Abstract 210P
Background
Sarcopenia is a degenerative loss of skeletal muscle mass that can be found in the development of cancer cachexia. Based on recent studies, the prevalence of sarcopenia is relatively high in mRCC (metastatic renal cell carcinoma) patients, with the rate of 29-68%. Sarcopenia has been associated with increased adverse outcomes and could be an important predictor of outcomes in some types of cancer. However, the prognostic value of sarcopenia in renal cancer patients is still unclear. Thus, in this systematic review, we aim to evaluate the prognostic value of sarcopenia in mRCC patients.
Methods
Data is collected from PMC, PubMed, Scopus, and Science Direct, using combinations of keywords related to Sarcopenia and mRCC. We included studies that investigate sarcopenia in relation to survival and primary chemotoxicity in mRCC patients.
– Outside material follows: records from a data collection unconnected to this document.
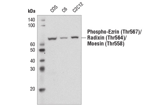 Phospho-Ezrin (Thr567)/Radixin (Thr564)/Moesin (Thr558) (41A3) Rabbit Monoclonal Antibody (Biotinylated) recognizes endogenous levels of ezrin, radixin and moesin only when phosphorylated at Thr567, 564 or 558, respectively. This antibody does not cross-react with related phospho-proteins such as merlin or band 4.1.
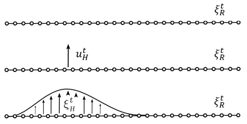 但是,人类的偏好轨迹 ξH 又是什么呢?机器人仅仅会直接测量人类施加的力 uH。一种用来推理人类偏好轨迹的方式是在机器人的当前轨迹上传播人类的力。图 1 建立了基于 Losey 和 O'Malley 之前的工作的轨迹形变,开始于机器人的原始轨迹,然后施加外力,然后施加形变以产生 ξH。
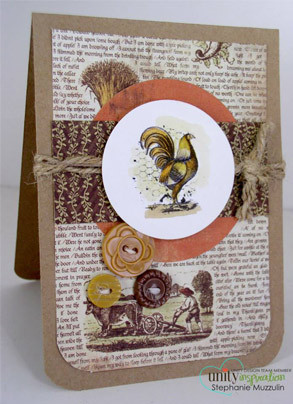 A handmade card with a vintage design featuring a rooster illustration in the center, surrounded by a textured background with a brown and orange color scheme. The card has a ribbon tied around it, and there are three buttons with a floral design attached to the front. The card also includes a small image of a cow and a man working on a wheelbarrow, along with text and other decorative elements. | New Day Rooster | 16d28925e1f8fb20a80f4ac7dbaead462e910e33785fa84478b325be5b3348e4 | 000000013855 | 0 | 0 | 71 | 3 | 0 | 0 | |
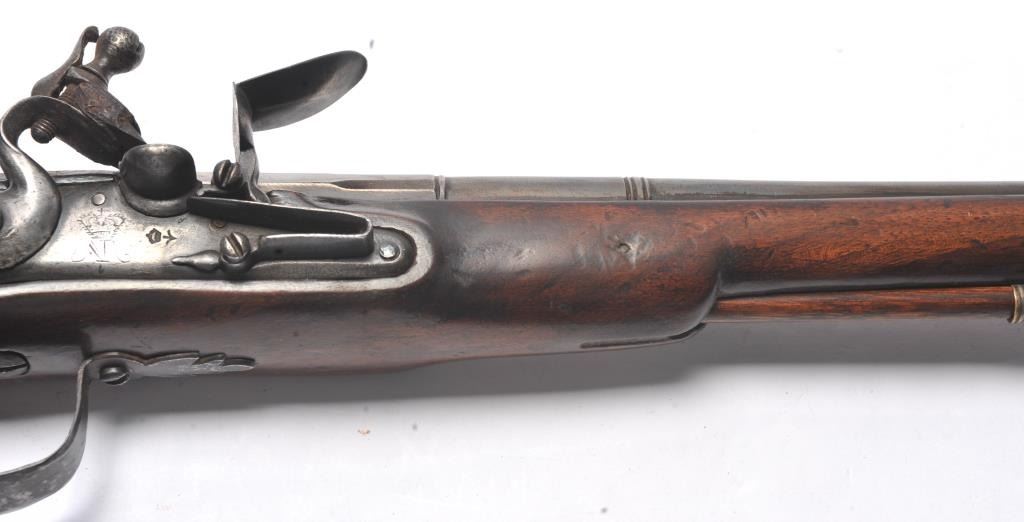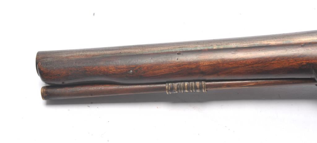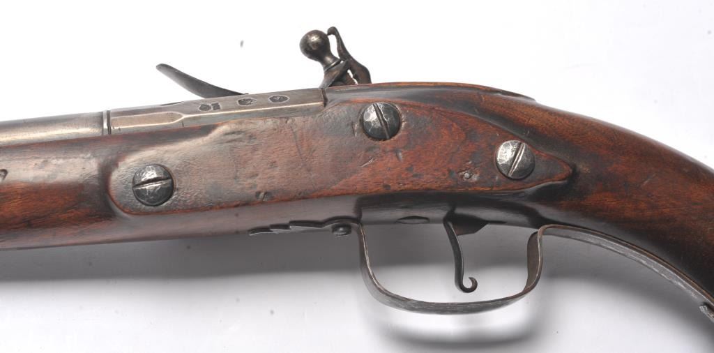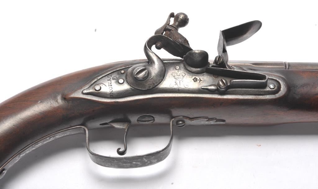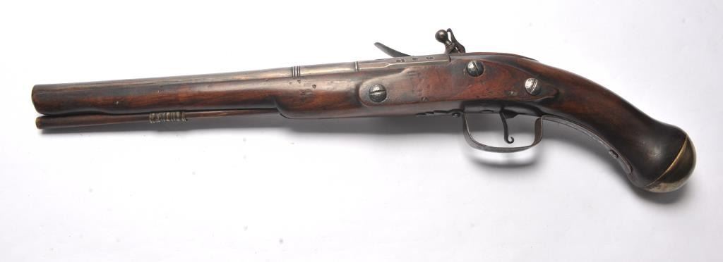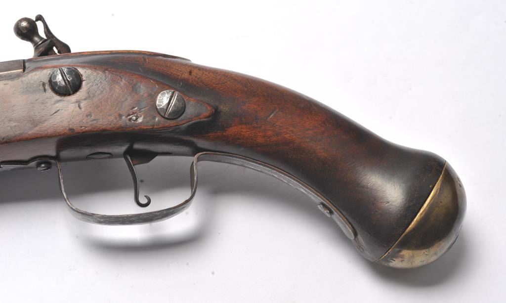 Early British Flintlock Military Pistol from Queen Anne era (Circa 1702-1714) showing “A R” and crown at the center of the lock with proofs on the barrel and below pan and signed “Dymon” on the rear of the lock plate. Shows very early flintlock feature of unbridled pan, banana shaped lock, 3 screws in the lock with no side plate or escutcheons along with steel trigger guard with brass butt cap and 1 ramrod Ferrell (No rear Ferrell in foreend). Screw in front of the trigger to a fix barrel into the stock. Measures 20” overall with a 11 ½” barrel of approximately .54-.56 smoothbore caliber. Very good metal surfaces with correct lock parts of original flintlock era. The stock is also very good with light cleaning and minor imperfections. Rare and a desirable early English flintlock military pistol. Correct style ramrod. (Antique) Est.: $3500-$7000
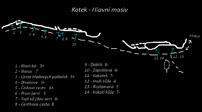 - Stěnou do díry a traverz doprava (nýty) až pod převis k řetězu. První průstup stěny Kotku. Při prvovýstupu autoři z rozmaru v díře (kniha) bivakovali na dvou skobách!
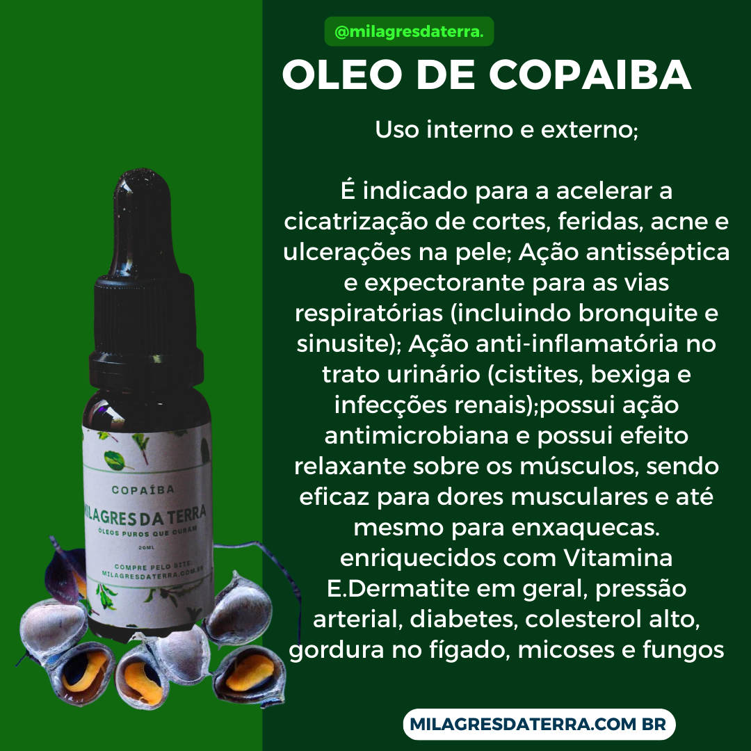 O que é óleo de copaíba Milagres da Terra ?A copaíba, de nome científico Copaifera langsdorffii, é uma árvore muito comum na Amazônia, e é de onde se extrai o óleo de copaíba.Esse óleo é utilizado como um medicamento natural para uma série de enfermidades, devido principalmente à sua ação anti-inflamatória e antisséptica.

Quality of each included study is assessed using the Newcastle-Ottawa Scale (NOS).
Results
A total of 10 studies consisting of 849 mRCC patients were included. According to the NOS, there were 5 studies with good quality, 4 studies with moderate quality, and 1 study with poor quality. The association of sarcopenia and OS (Overall Survival) was found in 4 studies. However, other 5 studies showed that sarcopenia was not associated with OS. Similar results for PFS (Progression Free Survival) were found. Two studies found that sarcopenia was associated with PFS, while other 2 studies found that there was no association between sarcopenia and PFS. There were 3 studies that found a higher DLT (Dose-Limiting Toxicity) rate in sarcopenic patients vs. non sarcopenic patients treated with sunitinib and sorafenib. However, other 2 studies found that there were no significant differences in chemotherapy toxicity between sarcopenic and non-sarcopenic patients treated with tyrosine kinase inhibitor and everolimus.
Conclusions
In this systematic review, we observed that sarcopenia was associated with increased DLT and poor survival in some studies, but the results were inconsistent and conflicting. There were 5 studies with good quality, 4 studies with moderate quality, and 1 study with poor quality. Further investigation is needed with better methods and outcome that focuses on chemotherapy toxicity and quality of life.
Clinical trial identification
Editorial acknowledgement
Legal entity responsible for the study
The authors.
Funding
Has not received any funding.
Disclosure
All authors have declared no conflicts of interest.